You’re riding along playing angry birds, watching a dvd, playing the license plate game, singing 99 Bottles of Beer on the Wall, or whatever it is you do to amuse yourself in the car, when it hits you – you have to pee NOW. If you are lucky, a convenient rest stop will be within your reach. Rest stops, for those that don’t know, are made to be a quick stop just off the freeway that provides you with everything you need to continue on the road – bathrooms, food, drinks, COFFEE, crappy postcards and cheap jewelry and scarves. What many don’t know, or haven’t realized due to their own tired and beleaguering appearance, is that rest stops are hilarious.
If you enjoy people-watching, a rest stop is your best friend. Rest stops tend to catch people at their strangest. They are likely tired, hair disheveled, wearing “comfy” clothes, etc. Think People of Walmart goes on vacation. Honestly, I’m not trying to say that I road trip in a suit or evening dress. I wear yoga pants and flip flops and am looking pretty haggard myself. I can only hope that I don’t look as horrible as most of the people I see at the rest stop. Plus, there is the brood of unruly spawns that come screeching and spewing out of the family cars. These little ones are bursting with energy or are tired and cranky. Either way, they do some pretty funny things. On my last trip back from Cambridge, NY, I watched a little girl around 2 years old dump a pop all over the table. In response her older brother started crying. Obviously. The mom was pissed.
Or you may witness a canoodling couple. Nothing says romance like a dingy, fast-food smelling rest stop.
You will also see an interesting set of workers, like the one I saw: a plump, cheap tattoo-covered lady with greasy, stringy hair who had a few inches of her thong showing, despite the fact that she was STANDING.
Beyond hilarious people watching, the rest stop mainly serves as a way to stretch your legs, pee and get food. Even these normal activities will be hijacked by weirdness at a rest stop.
Bathrooms with varying levels of cleanliness, sell a very strange variety of items in their “vending machines.” You might also see some interesting written messages or stickers, such as the decal I saw advertising eco-friendly feminine products.

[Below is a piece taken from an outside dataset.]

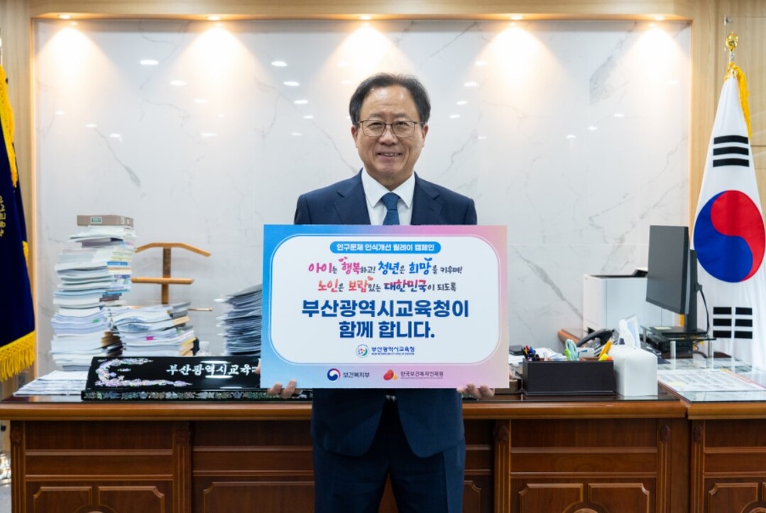 김석준 부산시교육감은 20일 보건복지부와 한국보건복지인재원이 공동으로 추진하는 '인구문제 인식개선 릴레이 캠페인'에 동참했다.

As far as food goes, you are basically giving up on healthy choices. If you are lucky, you will come across the occasional froyo stand; otherwise, it’s mediocre sandwiches and fast food. When forced with fast food, I almost always want a delicious Whopper Jr. Now for an unofficial rule of the road: you will pass countless rest stops advertising whichever place is your preference; but, the second you are ready to eat – nowhere in sight! So you might think, well next stop will have it, and you continue on. It does not. Eventually everyone is hungry and you settle for something else. Inevitably, the next stop will have what you were looking for. Grrrrr. Maybe someone will make a rest stop app that will detail all of the restaurants at each place.
For any of you that have been on a road trip you know exactly what I’m talking about in this post. For those that haven’t buy, rent, borrow or steal a car (ok, maybe not steal), grab some friends and hit the open road! As you peel off the freeway and pull into the rest stops, keep your eyes open for hilarity and make sure you grab that Whopper Jr. when you can!